*** Records for this task
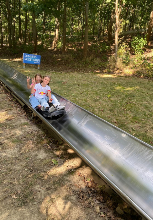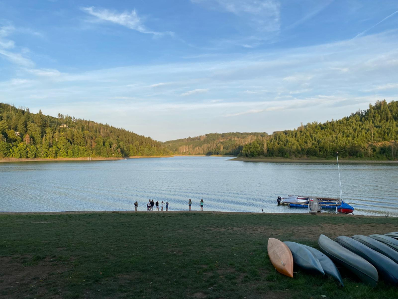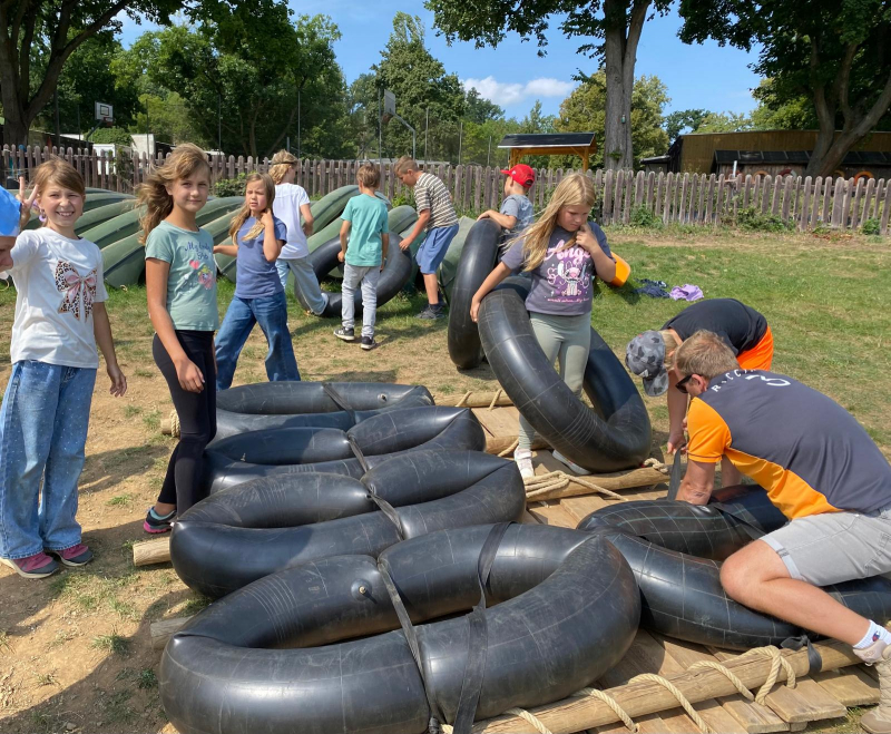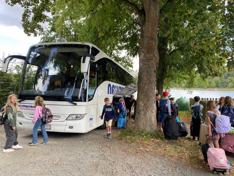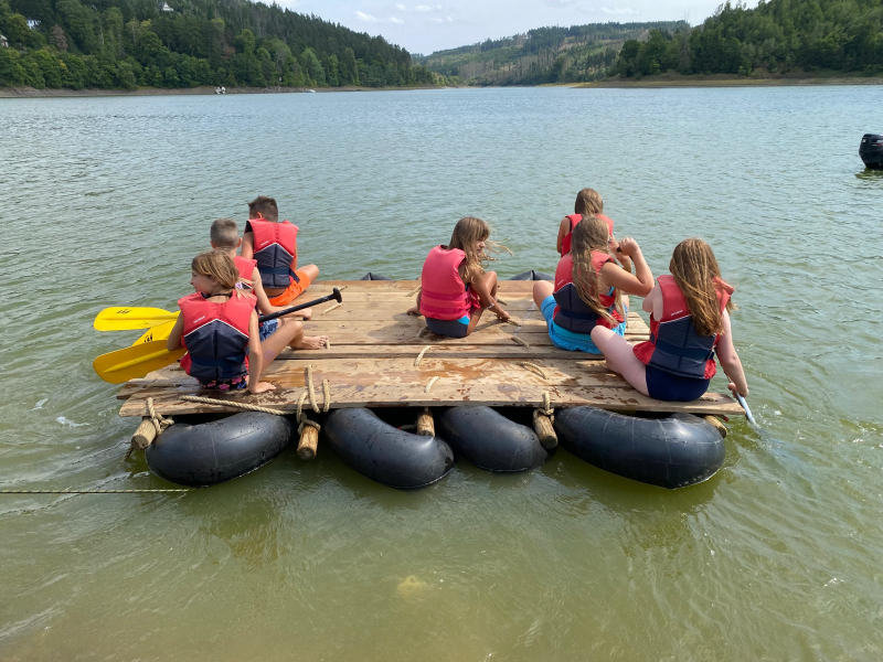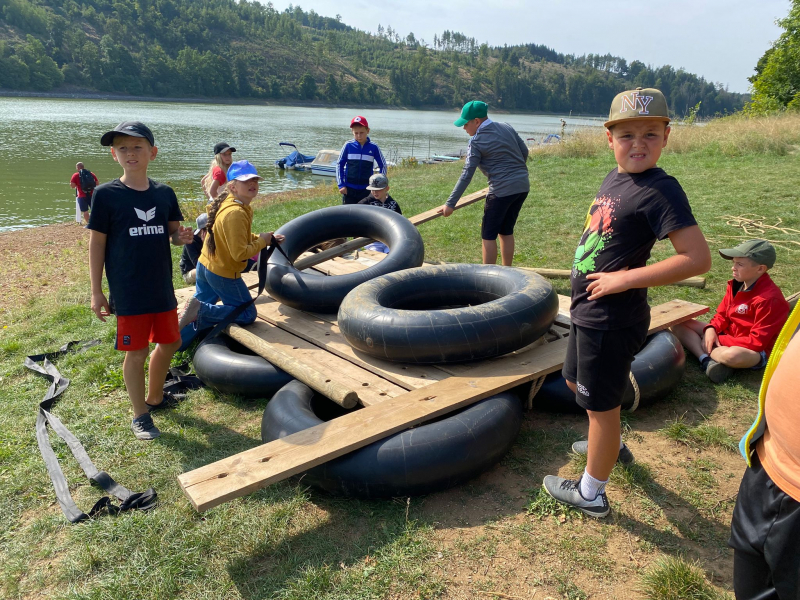 Am Mittwoch trafen wir uns alle an der Bushaltestelle. Viele waren sehr aufgeregt. Um 8:30 Uhr ist der Bus nach Saalburg losgefahren. Dort sind wir 9:30 Uhr angekommen. Zuerst haben wir die Betten in unseren Bungalows bezogen. Zum Mittag gab es Fisch mit Soße und Kartoffelbrei. Dann sind wir 3 km zur Rodelbahn gelaufen. Dort hatten wir viel Spaß. Anschließend gab es noch ein Eis und wir spielten auf dem Spielplatz. Es war sehr heiß draußen. Zur Abkühlung durften wir in der Bleilochtalsperre baden. Zum Abendessen gab es leckeren Burger. Die Disco fing um 20:00 Uhr an ging bis 22:00 Uhr. Am nächsten Morgen sind wir schon sehr früh aufgestanden. Wir haben das Frühstück sehr genossen. Danach starteten wir mit den Floßbau. Zwei Gruppen bauten ein Floß aus Brettern, Seilen und Gummireifen. Dann gab es Nudeln mit Tomatensoße. Nach dem Mittag trugen wir das Floß ins Wasser und durften es ausprobieren. Am Nachmittag haben wir ein Ballturnier gemacht. Nach dem Abendessen haben wir Lagerfeuer gemacht und Stockbrot gegrillt. Freitag mussten wir 07:30 Uhr aufstehen. Nach dem Frühstück haben wir Sachen gepackt und Zimmer aufgeräumt. 10:00 Uhr war die Abfahrt in Saalburg und um 11:00 sind wir in Osterfeld angekommen.
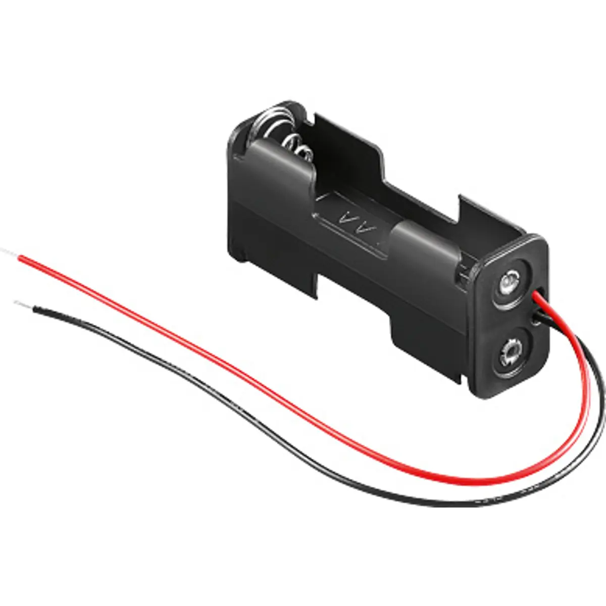 Suporte de pilhas para duas pilhas AA em série com saída de fios. Alojamento em caixa preta com cabo de 150 mm e ligação R6, ideal para alimentar dispositivos eletrónicos e protótipos de eletrónica. Este acessório facilita a alimentação de circuitos com baterias, fornecendo uma solução compacta e simples de instalar com terminais de fios.
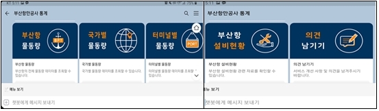 | 부산항만공사 통계 챗봇 메뉴[사진=부산항만공사] 2020.11.11 ndh4000@newspim.com |
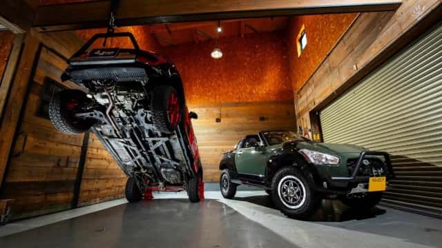 Der japanische Tuner Mo.FAC zeigt, wie man aus einem niedlichen Kei-Car einen echten Hingucker macht. Der nur 3,4 Meter kurze Daihatsu Copen wird dabei mit einem radikalen Höherlegungskit um satte 20 Zentimeter nach oben geschraubt. Das komplette Umbaupaket enthält neben dem Spezialfahrwerk auch verlängerte Bremsschläuche, eine angepasste Lenkwelle und modifizierte Motoraufhängungen. Für die 195/80 R15 Geländereifen wurden die Radhäuser deutlich vergrößert. Optional gibt es sogar einen Allradumbau mit zusätzlicher Starrachse. Das Basiskit ist ab 1.900 Euro erhältlich, mit Einbau werden rund 4.000 Euro fällig. Zusätzlich verbaut Mo.FAC Recaro-Sitze, eine Sportauspuffanlage sowie Zusatzscheinwerfer. Der gezeigte Showcar-Umbau wurde komplett mit Unterfahrschutz, Dachträger und martialischen A
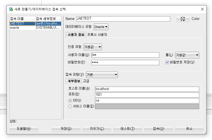 2. 새창이 나오면 아래와 같이 Name, 사용자이름,비밀번호,호스트이름,포트,sid를 입력해줍니다.
******
**Task to complete:**
Out of the records above, return only the lines from the one with "Suporte de pilhas" through the one with "2020.11.11 ndh4000@newspim.com |", exactly, and none of the pictures.

**Solution for this problem:**
 Suporte de pilhas para duas pilhas AA em série com saída de fios. Alojamento em caixa preta com cabo de 150 mm e ligação R6, ideal para alimentar dispositivos eletrónicos e protótipos de eletrónica. Este acessório facilita a alimentação de circuitos com baterias, fornecendo uma solução compacta e simples de instalar com terminais de fios.
 | 부산항만공사 통계 챗봇 메뉴[사진=부산항만공사] 2020.11.11 ndh4000@newspim.com |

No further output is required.